> _HOW TO COMPLETE THIS TASK_
Although the data below contains pictures, output only the lines between those holding "Rolls Not Gender" and "不过,2024年一季度,金溢", inclusive, exactly and without those pictures.

> _MATERIAL FOR THIS EXERCISE_
▽
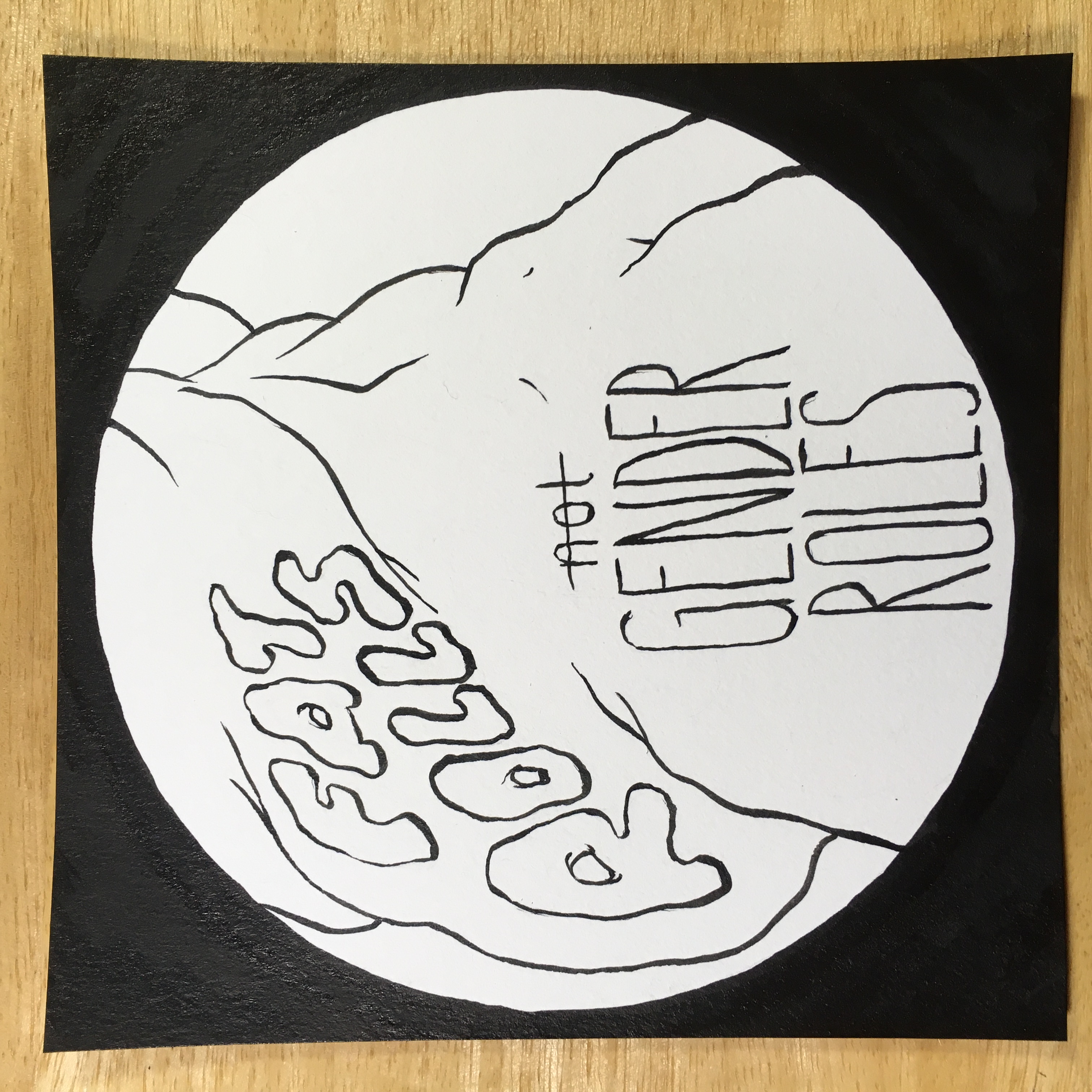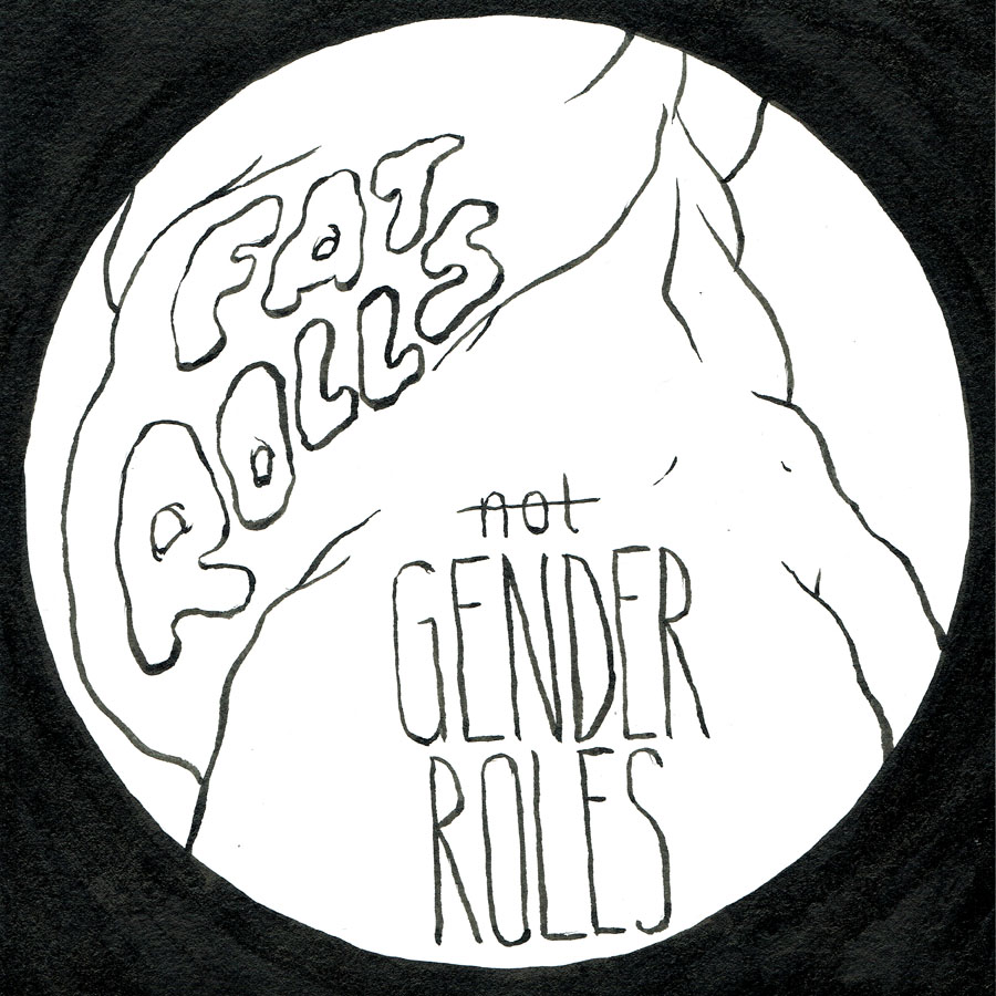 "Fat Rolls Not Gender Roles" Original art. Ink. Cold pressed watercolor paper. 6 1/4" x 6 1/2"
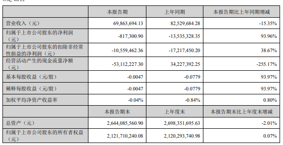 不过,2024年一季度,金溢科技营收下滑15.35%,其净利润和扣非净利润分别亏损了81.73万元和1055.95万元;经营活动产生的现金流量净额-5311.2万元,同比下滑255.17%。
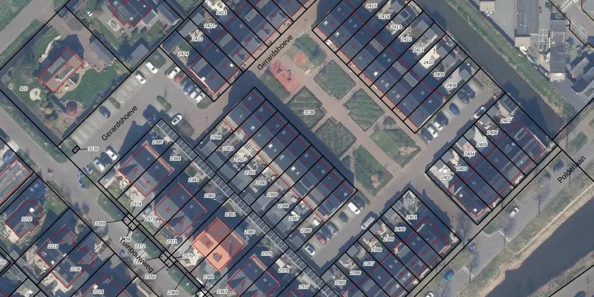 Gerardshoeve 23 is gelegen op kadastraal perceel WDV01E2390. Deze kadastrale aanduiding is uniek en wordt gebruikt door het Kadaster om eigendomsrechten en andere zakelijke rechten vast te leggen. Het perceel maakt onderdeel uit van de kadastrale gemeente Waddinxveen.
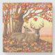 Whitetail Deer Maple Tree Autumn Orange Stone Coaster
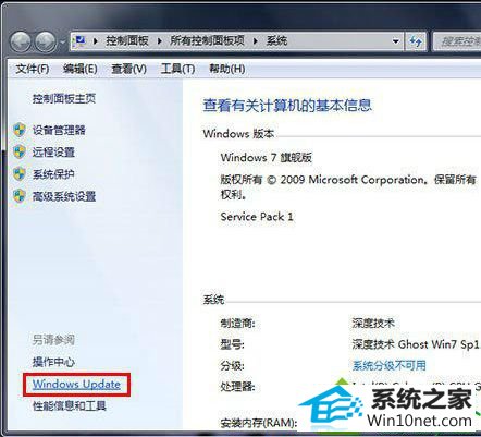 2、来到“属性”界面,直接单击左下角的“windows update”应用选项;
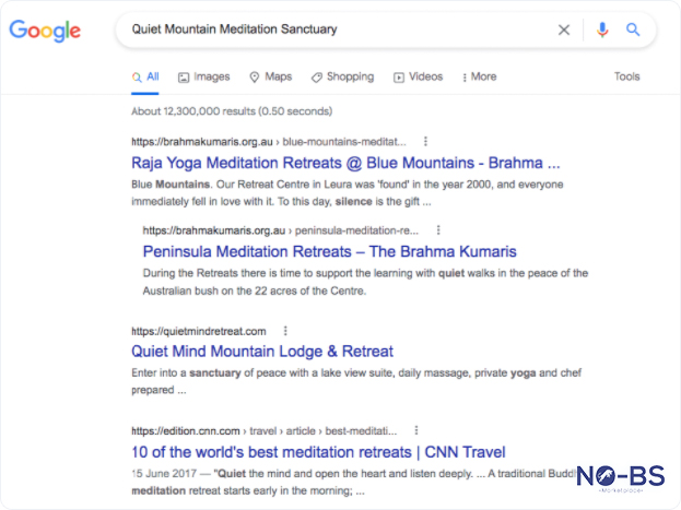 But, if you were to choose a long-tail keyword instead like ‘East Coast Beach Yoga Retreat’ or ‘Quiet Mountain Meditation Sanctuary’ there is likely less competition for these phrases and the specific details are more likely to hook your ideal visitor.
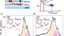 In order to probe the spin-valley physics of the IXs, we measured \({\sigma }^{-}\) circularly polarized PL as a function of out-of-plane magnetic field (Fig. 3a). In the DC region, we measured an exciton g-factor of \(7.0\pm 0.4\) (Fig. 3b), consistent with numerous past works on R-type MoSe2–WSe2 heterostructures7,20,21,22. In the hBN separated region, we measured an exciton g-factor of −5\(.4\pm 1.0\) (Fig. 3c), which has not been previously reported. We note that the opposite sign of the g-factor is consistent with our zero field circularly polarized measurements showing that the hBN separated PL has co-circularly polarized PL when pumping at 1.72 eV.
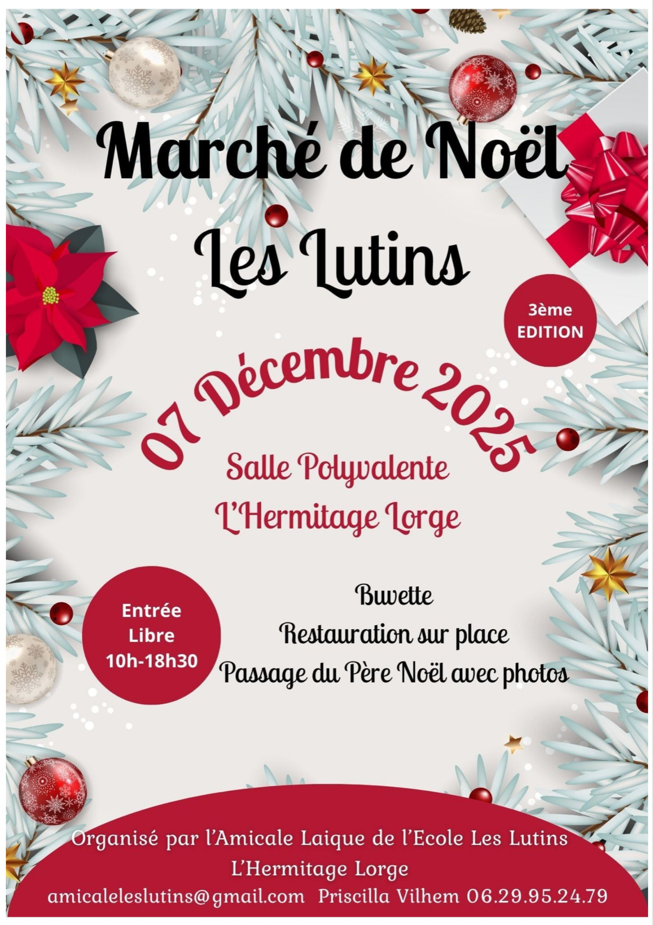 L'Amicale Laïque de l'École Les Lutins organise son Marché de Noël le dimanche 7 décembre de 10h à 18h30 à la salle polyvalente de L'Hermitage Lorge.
△
▽
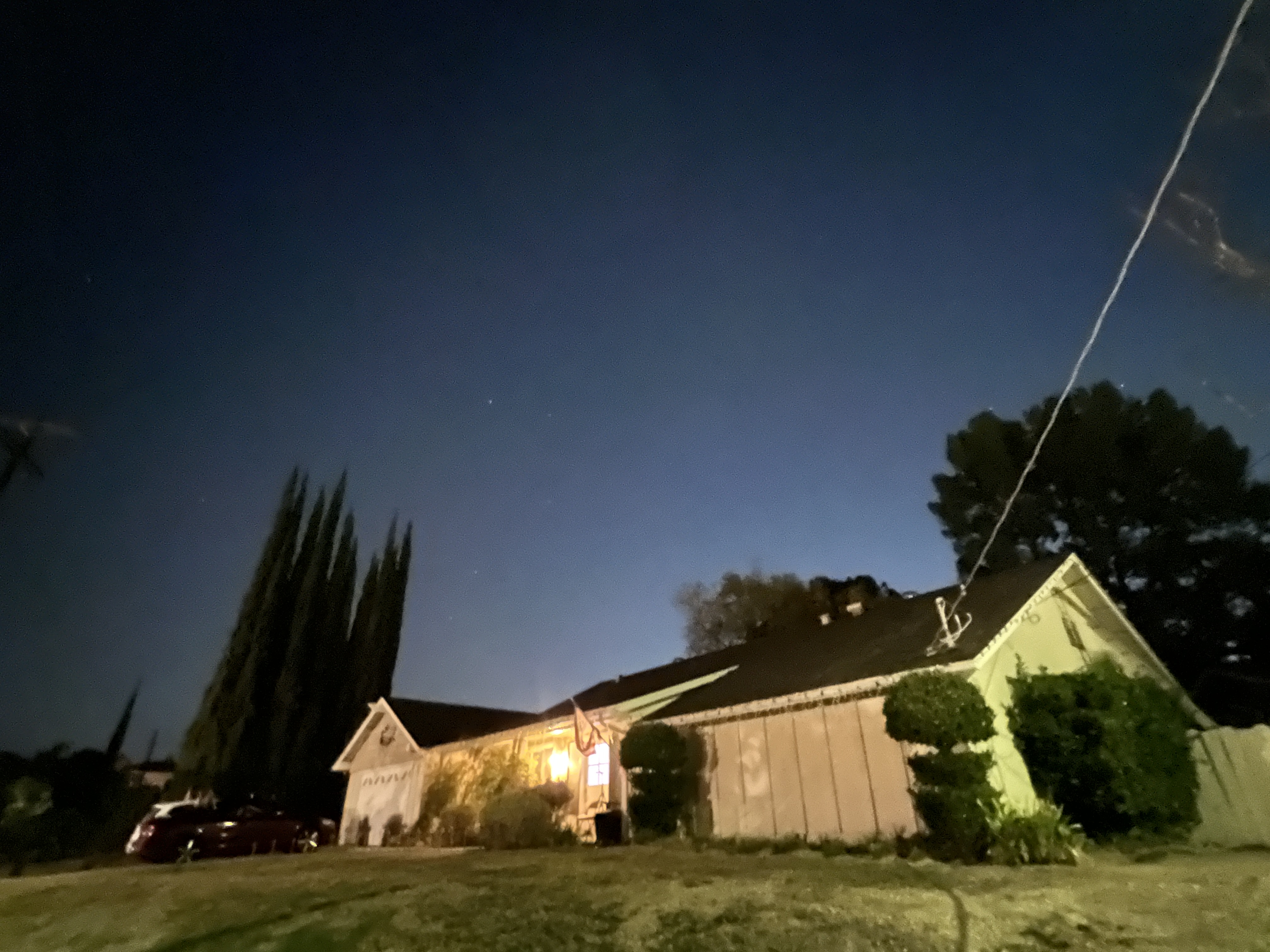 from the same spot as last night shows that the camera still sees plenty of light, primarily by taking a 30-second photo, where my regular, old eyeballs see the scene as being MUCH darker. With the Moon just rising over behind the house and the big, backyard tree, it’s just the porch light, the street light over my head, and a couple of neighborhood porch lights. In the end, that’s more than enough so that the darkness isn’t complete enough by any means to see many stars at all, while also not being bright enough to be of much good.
△
▽
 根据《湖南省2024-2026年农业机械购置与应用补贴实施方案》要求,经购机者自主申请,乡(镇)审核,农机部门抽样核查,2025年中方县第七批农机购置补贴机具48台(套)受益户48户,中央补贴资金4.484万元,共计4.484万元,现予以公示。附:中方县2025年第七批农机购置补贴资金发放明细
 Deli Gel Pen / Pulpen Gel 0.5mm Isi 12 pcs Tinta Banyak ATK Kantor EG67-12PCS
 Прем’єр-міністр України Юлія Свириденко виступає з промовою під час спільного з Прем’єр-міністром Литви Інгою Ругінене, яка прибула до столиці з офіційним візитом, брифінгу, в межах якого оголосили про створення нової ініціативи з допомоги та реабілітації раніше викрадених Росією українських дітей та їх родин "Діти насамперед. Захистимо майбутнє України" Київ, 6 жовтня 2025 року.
△
> _WORKED SOLUTION_
 "Fat Rolls Not Gender Roles" Original art. Ink. Cold pressed watercolor paper. 6 1/4" x 6 1/2"
 不过,2024年一季度,金溢科技营收下滑15.35%,其净利润和扣非净利润分别亏损了81.73万元和1055.95万元;经营活动产生的现金流量净额-5311.2万元,同比下滑255.17%。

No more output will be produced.